§ **Input for this task**
•••
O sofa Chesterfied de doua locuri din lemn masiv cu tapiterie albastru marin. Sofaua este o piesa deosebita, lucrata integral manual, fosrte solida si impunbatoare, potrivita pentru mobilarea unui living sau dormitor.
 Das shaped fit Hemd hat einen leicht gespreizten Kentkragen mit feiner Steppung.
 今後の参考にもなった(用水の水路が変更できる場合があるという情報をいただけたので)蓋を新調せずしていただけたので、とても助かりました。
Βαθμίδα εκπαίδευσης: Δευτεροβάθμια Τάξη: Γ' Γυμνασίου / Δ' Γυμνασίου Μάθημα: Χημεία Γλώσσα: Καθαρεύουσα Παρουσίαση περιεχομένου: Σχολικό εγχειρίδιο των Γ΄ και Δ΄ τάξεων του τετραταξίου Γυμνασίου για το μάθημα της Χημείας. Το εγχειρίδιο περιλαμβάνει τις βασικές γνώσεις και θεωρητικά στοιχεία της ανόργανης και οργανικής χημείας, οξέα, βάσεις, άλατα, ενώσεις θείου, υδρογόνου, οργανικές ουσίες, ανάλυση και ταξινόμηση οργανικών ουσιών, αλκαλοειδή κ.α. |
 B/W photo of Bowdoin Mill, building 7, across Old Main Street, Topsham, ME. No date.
•••
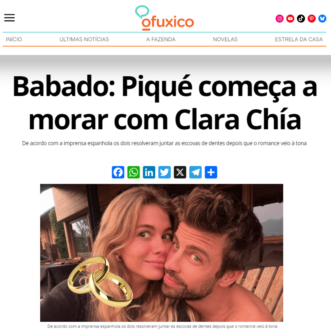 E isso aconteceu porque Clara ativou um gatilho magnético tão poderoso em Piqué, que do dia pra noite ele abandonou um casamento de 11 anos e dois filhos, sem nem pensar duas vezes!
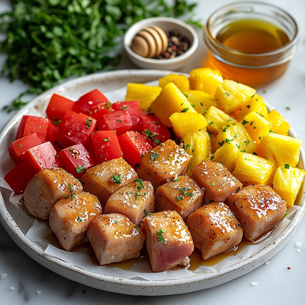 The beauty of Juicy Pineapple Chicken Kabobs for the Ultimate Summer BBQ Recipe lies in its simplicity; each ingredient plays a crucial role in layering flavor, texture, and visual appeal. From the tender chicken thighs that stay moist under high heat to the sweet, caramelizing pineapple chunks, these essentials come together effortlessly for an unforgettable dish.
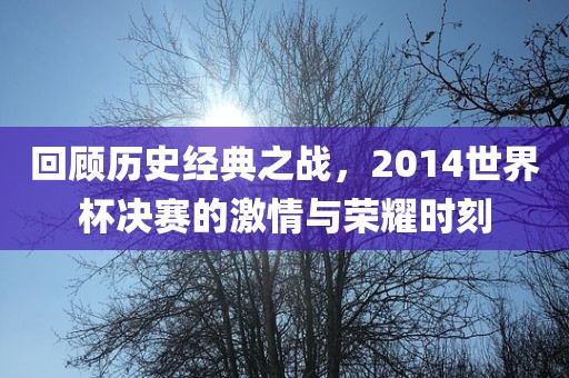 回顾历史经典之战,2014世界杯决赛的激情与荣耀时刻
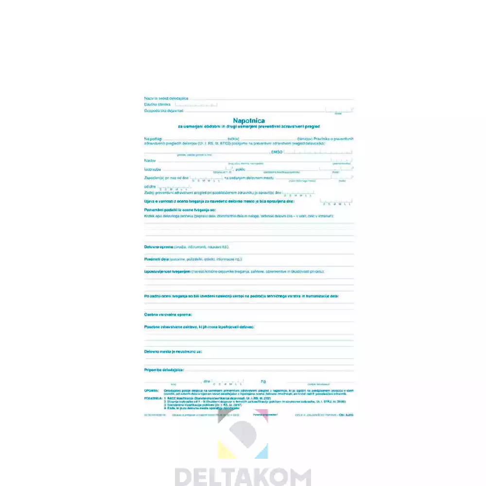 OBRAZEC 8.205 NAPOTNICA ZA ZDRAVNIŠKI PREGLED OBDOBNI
•••
§ **Work to complete**
Of the entries listed above, reproduce only the lines starting at the line containing "O sofa Chesterfied" and ending at the line containing "B/W photo of". Include both, exactly as they stand.

§ **Task output**
O sofa Chesterfied de doua locuri din lemn masiv cu tapiterie albastru marin. Sofaua este o piesa deosebita, lucrata integral manual, fosrte solida si impunbatoare, potrivita pentru mobilarea unui living sau dormitor.
 Das shaped fit Hemd hat einen leicht gespreizten Kentkragen mit feiner Steppung.
 今後の参考にもなった(用水の水路が変更できる場合があるという情報をいただけたので)蓋を新調せずしていただけたので、とても助かりました。
Βαθμίδα εκπαίδευσης: Δευτεροβάθμια Τάξη: Γ' Γυμνασίου / Δ' Γυμνασίου Μάθημα: Χημεία Γλώσσα: Καθαρεύουσα Παρουσίαση περιεχομένου: Σχολικό εγχειρίδιο των Γ΄ και Δ΄ τάξεων του τετραταξίου Γυμνασίου για το μάθημα της Χημείας. Το εγχειρίδιο περιλαμβάνει τις βασικές γνώσεις και θεωρητικά στοιχεία της ανόργανης και οργανικής χημείας, οξέα, βάσεις, άλατα, ενώσεις θείου, υδρογόνου, οργανικές ουσίες, ανάλυση και ταξινόμηση οργανικών ουσιών, αλκαλοειδή κ.α. |
 B/W photo of Bowdoin Mill, building 7, across Old Main Street, Topsham, ME. No date.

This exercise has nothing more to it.